Extracted entries: Begin

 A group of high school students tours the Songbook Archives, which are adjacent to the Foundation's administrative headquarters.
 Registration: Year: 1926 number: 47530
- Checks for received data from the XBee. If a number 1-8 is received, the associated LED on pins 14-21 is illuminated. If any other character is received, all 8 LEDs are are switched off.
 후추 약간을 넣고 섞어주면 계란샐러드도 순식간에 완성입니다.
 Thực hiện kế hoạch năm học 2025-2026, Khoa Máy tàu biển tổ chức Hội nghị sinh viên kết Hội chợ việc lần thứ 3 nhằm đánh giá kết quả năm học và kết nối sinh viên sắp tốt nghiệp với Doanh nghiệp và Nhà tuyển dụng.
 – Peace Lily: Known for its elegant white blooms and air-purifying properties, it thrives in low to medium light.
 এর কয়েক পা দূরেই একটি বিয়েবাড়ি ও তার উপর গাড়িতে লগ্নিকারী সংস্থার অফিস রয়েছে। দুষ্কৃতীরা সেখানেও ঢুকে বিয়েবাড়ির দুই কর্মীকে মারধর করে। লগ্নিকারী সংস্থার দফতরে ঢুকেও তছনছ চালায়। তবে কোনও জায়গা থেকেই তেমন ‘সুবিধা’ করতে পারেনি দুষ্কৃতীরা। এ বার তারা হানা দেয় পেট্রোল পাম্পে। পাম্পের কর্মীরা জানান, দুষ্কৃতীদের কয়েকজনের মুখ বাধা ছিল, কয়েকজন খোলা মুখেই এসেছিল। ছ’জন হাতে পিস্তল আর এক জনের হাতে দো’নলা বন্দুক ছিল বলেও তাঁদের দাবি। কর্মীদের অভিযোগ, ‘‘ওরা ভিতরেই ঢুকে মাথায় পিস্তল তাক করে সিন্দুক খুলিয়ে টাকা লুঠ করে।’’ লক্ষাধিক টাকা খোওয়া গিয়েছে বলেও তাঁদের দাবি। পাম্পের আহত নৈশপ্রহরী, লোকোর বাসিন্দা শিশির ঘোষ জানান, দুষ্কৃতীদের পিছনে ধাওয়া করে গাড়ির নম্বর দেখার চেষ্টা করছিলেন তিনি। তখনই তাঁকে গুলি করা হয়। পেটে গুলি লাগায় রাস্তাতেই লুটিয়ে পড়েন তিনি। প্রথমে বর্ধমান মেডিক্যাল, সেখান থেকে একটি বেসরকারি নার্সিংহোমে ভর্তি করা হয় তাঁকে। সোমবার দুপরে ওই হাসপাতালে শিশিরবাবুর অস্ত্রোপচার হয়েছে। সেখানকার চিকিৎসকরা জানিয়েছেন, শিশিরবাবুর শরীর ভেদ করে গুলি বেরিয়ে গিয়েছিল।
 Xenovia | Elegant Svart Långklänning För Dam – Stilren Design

Extracted entries: End
Extracted entries: Begin

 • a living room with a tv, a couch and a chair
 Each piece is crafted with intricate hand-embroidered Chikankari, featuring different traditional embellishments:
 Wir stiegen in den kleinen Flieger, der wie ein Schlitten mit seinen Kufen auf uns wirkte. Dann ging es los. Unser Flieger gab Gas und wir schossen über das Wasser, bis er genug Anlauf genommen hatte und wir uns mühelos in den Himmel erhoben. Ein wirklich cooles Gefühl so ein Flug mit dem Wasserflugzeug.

Extracted entries: End

## Your objective
Could you transcribe the entries above word for word, from the line with "후추 약간을 넣고 섞어주면 계란샐러드도 순식간에 완성입니다." down to the line with "Xenovia | Elegant", keeping both?

## Answer to this exercise
 후추 약간을 넣고 섞어주면 계란샐러드도 순식간에 완성입니다.
 Thực hiện kế hoạch năm học 2025-2026, Khoa Máy tàu biển tổ chức Hội nghị sinh viên kết Hội chợ việc lần thứ 3 nhằm đánh giá kết quả năm học và kết nối sinh viên sắp tốt nghiệp với Doanh nghiệp và Nhà tuyển dụng.
 – Peace Lily: Known for its elegant white blooms and air-purifying properties, it thrives in low to medium light.
 এর কয়েক পা দূরেই একটি বিয়েবাড়ি ও তার উপর গাড়িতে লগ্নিকারী সংস্থার অফিস রয়েছে। দুষ্কৃতীরা সেখানেও ঢুকে বিয়েবাড়ির দুই কর্মীকে মারধর করে। লগ্নিকারী সংস্থার দফতরে ঢুকেও তছনছ চালায়। তবে কোনও জায়গা থেকেই তেমন ‘সুবিধা’ করতে পারেনি দুষ্কৃতীরা। এ বার তারা হানা দেয় পেট্রোল পাম্পে। পাম্পের কর্মীরা জানান, দুষ্কৃতীদের কয়েকজনের মুখ বাধা ছিল, কয়েকজন খোলা মুখেই এসেছিল। ছ’জন হাতে পিস্তল আর এক জনের হাতে দো’নলা বন্দুক ছিল বলেও তাঁদের দাবি। কর্মীদের অভিযোগ, ‘‘ওরা ভিতরেই ঢুকে মাথায় পিস্তল তাক করে সিন্দুক খুলিয়ে টাকা লুঠ করে।’’ লক্ষাধিক টাকা খোওয়া গিয়েছে বলেও তাঁদের দাবি। পাম্পের আহত নৈশপ্রহরী, লোকোর বাসিন্দা শিশির ঘোষ জানান, দুষ্কৃতীদের পিছনে ধাওয়া করে গাড়ির নম্বর দেখার চেষ্টা করছিলেন তিনি। তখনই তাঁকে গুলি করা হয়। পেটে গুলি লাগায় রাস্তাতেই লুটিয়ে পড়েন তিনি। প্রথমে বর্ধমান মেডিক্যাল, সেখান থেকে একটি বেসরকারি নার্সিংহোমে ভর্তি করা হয় তাঁকে। সোমবার দুপরে ওই হাসপাতালে শিশিরবাবুর অস্ত্রোপচার হয়েছে। সেখানকার চিকিৎসকরা জানিয়েছেন, শিশিরবাবুর শরীর ভেদ করে গুলি বেরিয়ে গিয়েছিল।
 Xenovia | Elegant Svart Långklänning För Dam – Stilren Design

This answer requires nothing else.